Now, to be completely transparent with you: The idea to move up to Haliburton was not my own. My parents live up here, and I live with them now. From there, I had a vague plan for how to make money and pick my life back up from the shambling ruins they had turned into.
And along came the Haliburton County Echo and Minden Times.
I don’t know if it was fate, or just the random crashing of a million tumbling coins, but the chance to start anew – with the kind of job that fits my character better than any other – was too good to pass up.
I love Haliburton County. I may be a city person, yes, but I love Haliburton County. It’s been part of my life since I was a little kid whipping around Gull Lake in a tube behind my dad’s boat. The best summers of my life have been spent at Big Hawk Lake, where I made lifelong friendships at Camp Kawabi. I’ve even graced the Canoe FM airwaves, being the place where my eight-year cross-country radio career began.
I even owe my life to local healthcare workers, who, just this past New Years Eve, managed to catch my exploding appendix before it turned me into a firework. What a way to start 2021, hey?
The Highlands are more to me than a vacation spot away from the city, more than a place for me to park myself away from noise and congestion in weekend-sized chunks.

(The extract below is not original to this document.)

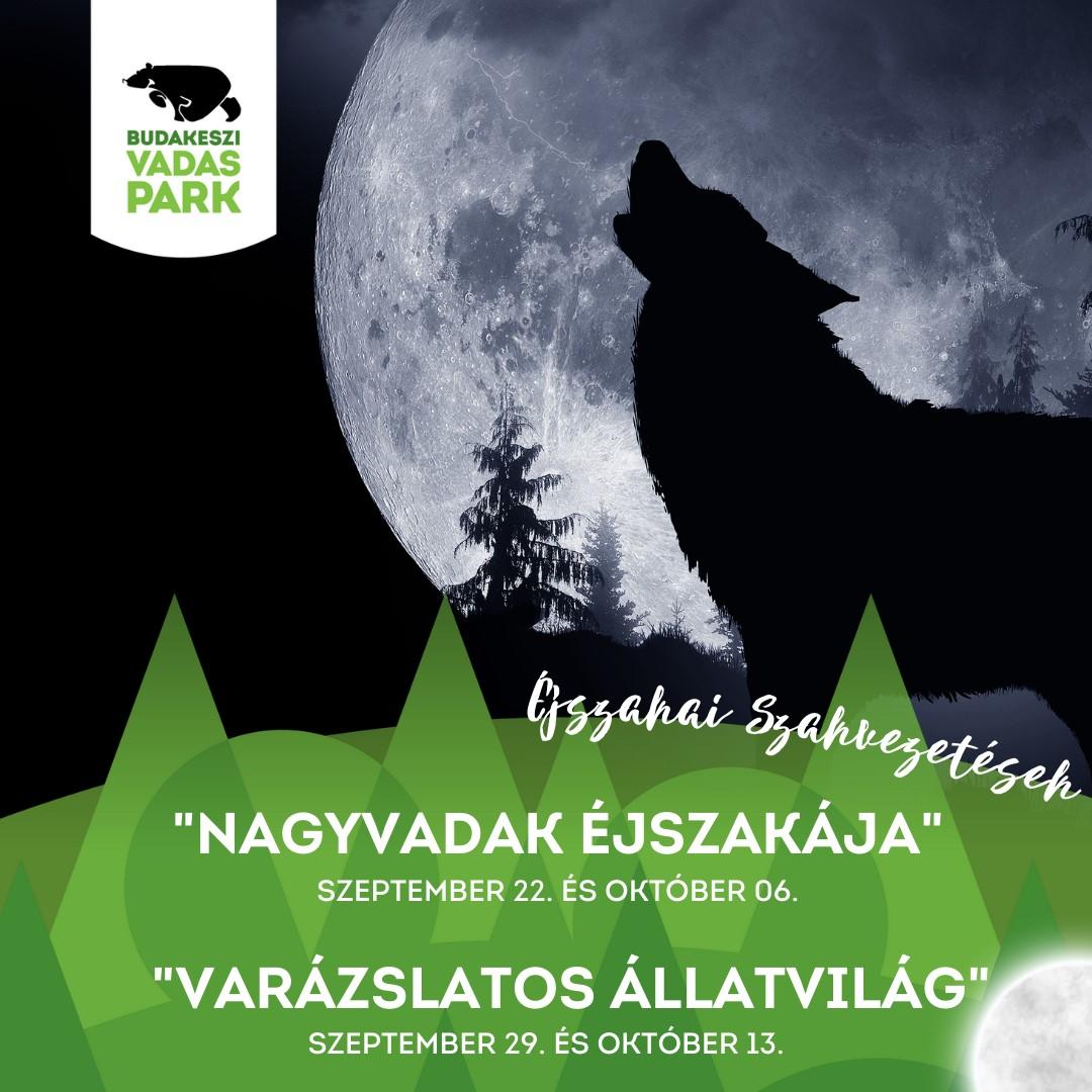 A szarvasbőgés túrákon túl a Budakeszi Vadasparkban ősszel négy alkalommal várják éjszakai szakvezetéssel a látogatókat. Kétféle tematikus esti programon leshetnek be a résztvevők az állatok éjszakai életébe, a „Varázslatos állatok” és a „Nagyvadak éjszakája” című programokon.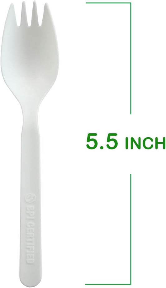 GreenWorks Compostable CPLA Sporks,100 Count 5.5" Disposable Cutlery Spork (Spoon Fork)

I feel this place in my bones, and to find myself gravitating back here is no surprise. There exists the very real sense that my work here comes from a place of unfulfillable gratitude. I’ve seen how relentlessly giving this community can be, and I love this place for it.
I also plainly see the broad challenges it faces, and the gaps that have left innocent lives hanging in the balance.
It’s my hope that my work here will put a spotlight on what’s changed, what needs to change, and the ever-careful steps we take together towards an uncertain future.
If you read my articles and actually learn something, then this will all have been worth it.
You can find me around town with my phone in my hand, probably playing Pokémon GO – Team Valor for life.
Also, if anyone has an extra spot at a D&D (Dungeons and Dragons) table, I have a half-elf wizard that hasn’t rolled any dice for a couple of years. I can bring veggie snacks and a boatload of meaningless Star Trek trivia.